Triply periodic minimal surface (TPMS) structures are widely used in the field of flow and heat transfer. In this paper, four TPMS structures, Schwartz Diamond-sheet (D-sheet), Schwartz Diamond-solid (D-solid), Schoen IWPsheet (IWP-sheet), and Schoen IWP-solid (IWP-solid), are designed based on two structure generation strategies. The above structures all are manufactured through additive manufacturing, and the material is AlSi10Mg. The samples were characterized by X-ray scanning. The flow and heat transfer performance of different TPMS structures was studied by computational fluid dynamics (CFD) and experimental methods. The results show that the pressure drop of sheet-network is larger than that of solid-network for the same TPMS type.
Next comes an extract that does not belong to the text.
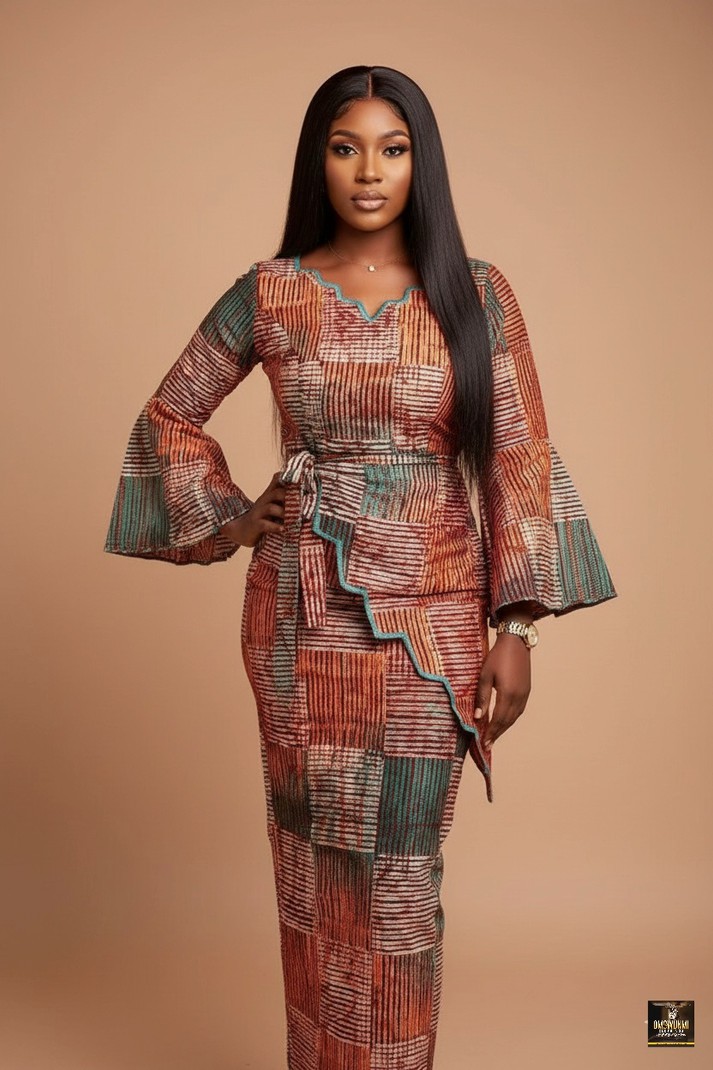 This sophisticated dress offers a contemporary and elegant take on African textile design, creating a refined and artistic statement piece. The garment features a flattering fitted bodice and mermaid silhouette that hugs the body before dramatically flaring out near the hemline, enhanced by a stylish, asymmetric peplum or scallop-edged wrap detail at the waist. It is constructed from a textured batik fabric, showcasing a cohesive patchwork print in a warm palette of burnt orange, terracotta, and teal/mint green, creating a visually rich, autumnal aesthetic. The dress is further defined by elegant flared or bell sleeves that add movement and drama, making this ensemble an ideal choice for occasions such as traditional ceremonies and weddings (as a guest), high-end cocktail parties and receptions, formal business or networking events, or any sophisticated gathering where you wish to showcase culturally-inspired, tailored elegance.

With the same structure generation strategy, the pressure drop of Schwartz Diamond (D-type) is greater than that of Schoen IWP (IWP-type). The heat transfer performance of the TPMS structure shows the same results as the pressure drop. The performance enhancement criterion (PEC) of the solid-network TPMS is better than that of the sheet-network structure, and the D-type TPMS structure is better than the IWP-type structure. The average PEC of D-solid and IWP-solid is 31 % and 44 % larger than that of D-sheet and IWP-sheet, respectively. The average PEC of D-sheet and D-solid is 11.8 % and 1.7 % larger than that of IWP-sheet and IWP-solid, respectively. The mechanism of the higher PEC of the solid-network structure is the low pressure drop caused by the high through-hole ratio and relatively concentrated skeleton. Under the same pressure drop, the heat transfer performance of TPMS with Dtype sheet structure is better. The research content of the article is mainly applied to fin-enhancement, which can replace fins in traditional heat exchangers. In actual engineering applications, the TPMS structures type is reasonably selected according to the requirements.